Fix problem in which invalid table attributes were being parsed
incorrectly. Added tests.
Various changes to avoid returning tuples - working on the C tokenizer
made me realize this was a bad idea for compatability/similarity between
the two.
For C compatability, switch table cell end to return the stack.
Now context is kept by using `keep_context` when calling `self._pop()`.
For the C tokenizer, include `<stdint.h>` and use `uint64_t` instead
of `int` for context. Changes to tables mean that context can be
larger than 32 bits, and it is possible for `int` to only have 16
bits anyways (though this is very unlikely).
CTokenizer is completely implemented in this commit - it didn't
make much sense to me to split it up. All tests passing, memory test
shows no leaks on Linux.
@earwig
Copy link
Owner

earwig commented Jul 21, 2014

Okay! Good work, for starters. I'm actually really impressed that anyone managed to do this. Let's go through some various points:

  • I'm okay with the <stdint.h> thing; I don't have a Windows computer either right now, so we'll wait until release time to see if we need to make any changes.
  • It looks like there's a problem with building on python 3.4 specifically, according to Travis. I'll look into it.
  • I'm going to merge this PR into feature/tables and review it there for a bit before merging into develop.

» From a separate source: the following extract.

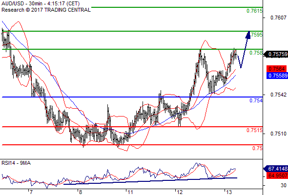 AUD/USD การซื้อขายระหว่างวัน: มุ่งไปที่ 0.7580

Will let you know if anything comes up.

@earwig earwig added this to the version 0.4 milestone Jul 21, 2014
@earwig earwig self-assigned this Jul 21, 2014
@earwig
Copy link
Owner

earwig commented Jul 21, 2014

In 94a9e32, I fixed a test (table_cell_unclosed_style) that wasn't being parsed correctly due to a missing comma. Now that the test is being run, it fails. Is this related to #40 as you mentioned above, and if so, should we mark it as an expected failure?

Another thing: why are <th>, <td>, and <tr> included as SINGLE tags?

@davidswinegar
Copy link
Contributor Author

I've been testing on Python 2.7 so I'm not sure what the problem with 3.4
is. I just added that test this morning, didn't read the output after
seeing everything passed so my bad. That is related to #40 but the test
should actually fail as written if implicit close is implemented correctly.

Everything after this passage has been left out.